Chancellor of the Exchequer Rachel Reeves (photo: Getty)

Rachel Reeves has been speaking to the newspapers trying to sell her Budget, which given her communication abilities is a bit like asking King Herod to do your babysitting. The Chancellor of the Exchequer appears to be getting the excuses in early; it’s almost as if she, like everyone else, knows that next week’s announcements will be a catastrophe.

The thread that comes through the article is that the country is somehow being punished for the Chancellor’s teenage insecurities

Reeves’s big message is that she’s been ‘underestimated all her life’. A humbler person might wonder why everyone has consistently assessed her to be not up to the job rather than assuming that the judgement of everyone ever has been wanting. I want to assure Rach that most of us do not underestimate her at all; we know she’s capable of getting much, much worse.

In an ‘away from the cameras’ piece with the FT, one of Reeves’s most tiresome tropes rears its head. There is an exceptionally tedious idea in the Chancellor of the Exchequer’s head that people challenge her because she’s a woman and not because she is turning the British economy into a clown car. In the FT piece we see a classic example of this when a local business leader in Scotland challenges Reeves ‘robustly… she believes rudely’ about her taxes on North Sea oil and gas. He doesn’t get an answer about economics but a hectoring on gender politics instead. “‘Talk to me with respect’ Reeves says, glaring at her interlocutor. Eyes shift nervously towards the floor. ‘I’m the Chancellor of the Exchequer.’” She seems to think that playing at being a Powerpuff girl is a substitute for economic competence. 
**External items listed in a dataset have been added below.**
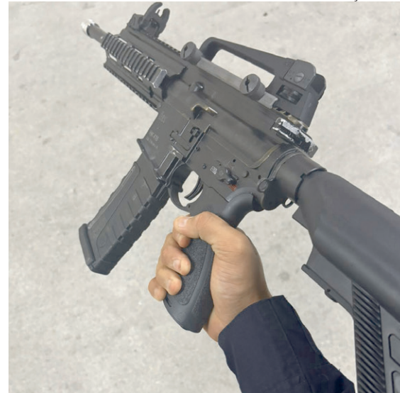
Policial militar exibe um dos fuzis apreendidos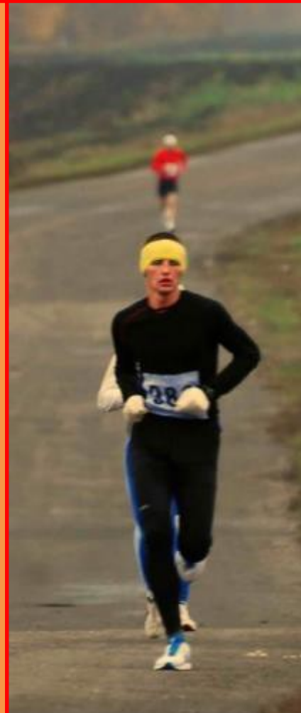
Лидер I марафона 42 км 195 м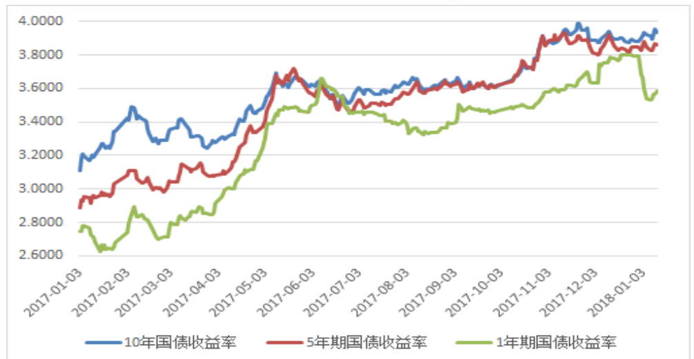
图 2: 关键期限国债收益率

从主力合约来看, 主力 TF1803 合约结算价为 96.145 元, 成交 6210 手, 持仓 40470 手, 较前一交易日减仓 1169 手; 主力 T1803 合约结算价为 92.28 元, 成交 22852 手, 持仓 59456 手, 较前一结算日减仓 3291 手。

To be fair to the Financial Times they also included this intensely funny line: ‘Reeves demands respect – and she believes that with her Budget, in spite of everything, she will earn it.’ There are people in our nation’s mental institutions who believe that they are the Queen of Sheba who are less delusional than this.

The real comic gems appeared in the Times, courtesy of Starmerite hagiographer Tom Baldwin. For the Blairite apparatchik in government this is the equivalent of sitting down to have a profile written by the Venerable Bede. Nevertheless, we still get glimpses into the perma-awkwardness that is Reeves’s interaction with the general public.

On a visit to a school she has to ask a group of bored teenagers, ‘Do you, er, know who I am?’ If there is a child in the blessed throes of innocence where they are spared from being aware of the existence of Rachel Reeves it seems exceptionally cruel to remove them from it. It gets worse:

‘Eventually, a girl is coaxed into describing her coursework on the history of Britain’s political parties. “So, which one do I represent?” asks the politician with anxiety creeping into her voice. “Is it Labour?” the girl replies before adding, almost inaudibly under her breath, “And that shows I know.”’

 The loss of innocence is really a tragic thing.

While there is clearly an attempt to give Reeves an ‘origin story’ it actually emerges more as a villain arc. The thread that comes through the article is that the country is somehow being punished for the Chancellor’s teenage insecurities. There are constant references to how she was ‘the uncool kid’, her self-identified role as a hard-working ‘swot’ and in particular her resentment of others. Posh boys at chess tournaments, fathers at her school and Christ Church, Oxford, are just some of the slighters on whom she has turned her back. She describes being called ‘Rachel from Accounts’ as ‘exhausting’, which is an interesting adjective. I suppose when your entire worldview is based on monumental self-delusion then the insertion of the truth will tire you out. Naturally Reeves doesn’t acknowledge the origin of her nickname, which emerged when she was found to have embellished her CV in multiple different ways. Speaking ‘as a woman’, there is something intensely irritating about this totally unearned sense of entitlement. 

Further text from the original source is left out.